A novel pressure-sensitive luminescent coating on porous anodized aluminium is developed. A method of making the coating is described in detail. The coating is a thin anodized aluminium layer, which is formed onto the surface of aluminium by an electro-chemical process. The luminophore is adsorbed directly onto the surface of the layer via chemical or physical adsorption. This coating is suitable for measuring unsteady pressure fields due to its fast-responding characteristics. The time response of the present coating is evaluated theoretically and experimentally.
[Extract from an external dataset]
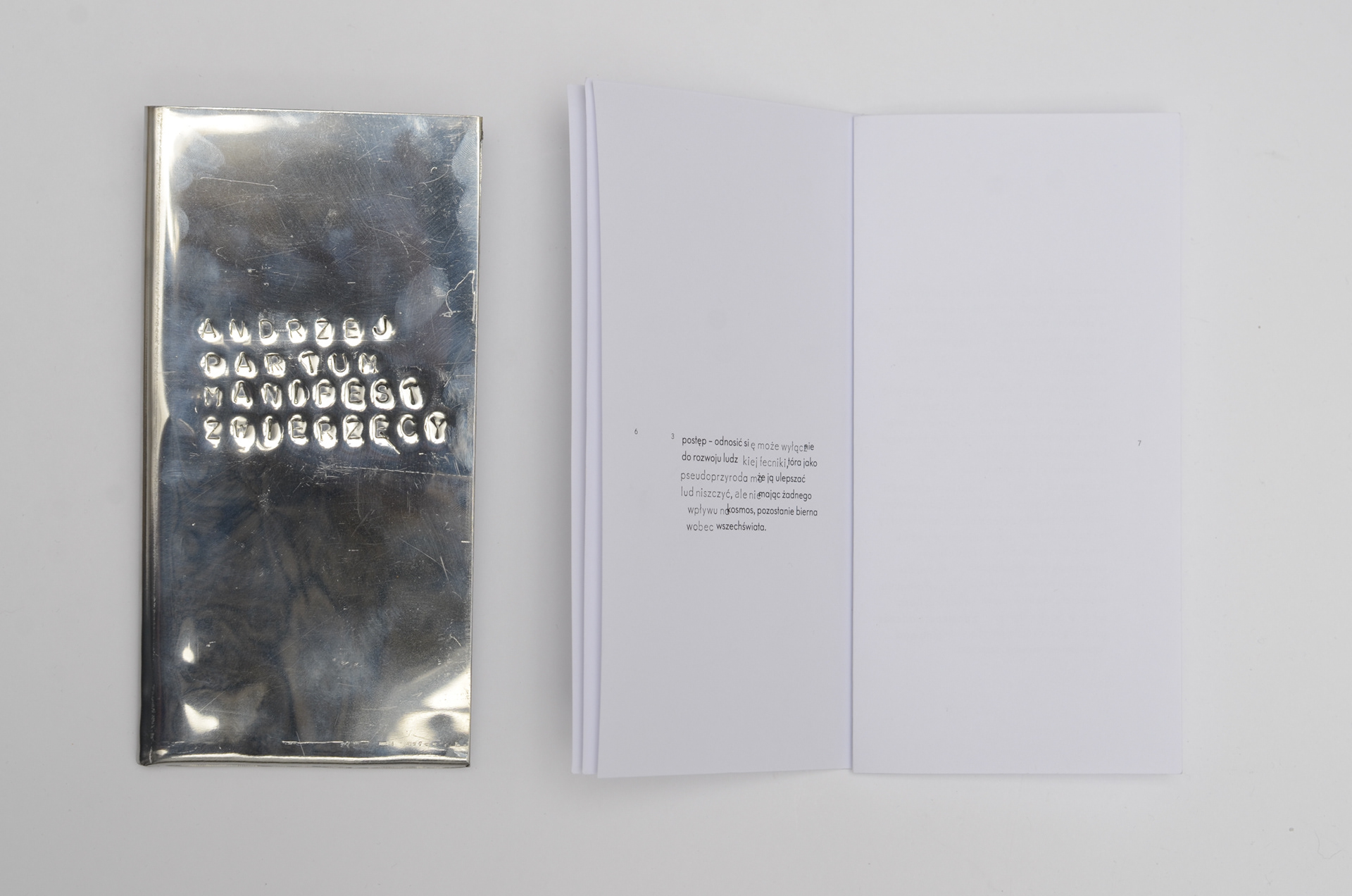description: In the Animal Manifesto, the author explores the instinctive side of humans and their tendency to build a mechanised, systematised environment around themselves. My publication is an attempt to create a relationship between text recorded in various ways. Systems that were designed to produce identical results each time, when touched by the human hand, take on something of its organic nature.
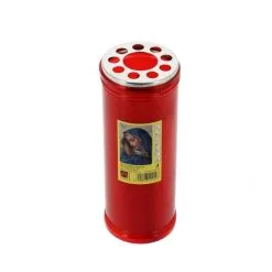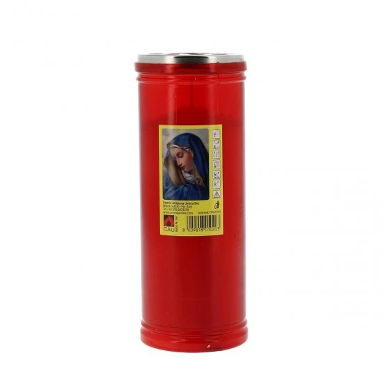 Lumino votivo in cera bianca con contenitore in plastica rosso e immagine della Madonna Addolorata. La durata di circa 96 ore è garantita dalla buona qualità della cera. Made in Italy

Four kinds of luminophore, tris(4,7-diphenylphenanthroline)ruthenium(II) ([Ru(dpp)3]2+), tetrakis(4-carboxyphenyl)porphyrin (TCPP), platinum tetrakis(4-carboxyphenyl)porphyrin (PtTCPP), and pyrene butylic acid (PBA), have been tested on their response to a step change in pressure. A pressure jump apparatus and a shock tube were utilized to generate a pressure discontinuity. Some static characteristics were also tested. The theoretical analysis shows that the present coating should have a time response in the order of microseconds due to its porous structure. The time response depends not only on luminescence lifetime, which imposes an ultimate limit on the time response, but also on the thickness of the anodized aluminium layer, because oxygen permeation to the pores existing on the anodized aluminium layer can be described as a diffusive phenomenon. The effective diffusion coefficient is estimated to be approximately 5 × 10−6 m2 s−1. Experimental results show that all the tested coatings except the PtTCPP coating have a response time of less than 1 ms. Only the PBA coating shows a substantial photodegradation. The response time of the [Ru(dpp)3]2+ coating is longer than 20 µs, and depends on the thickness of the anodized aluminium layer. The response time of the TCPP coating, on the other hand, is less than 10 µs, and is independent of the thickness of the layer. This independence suggests that the arrangement of the luminophore on the surface of the anodized aluminium layer affects the time response.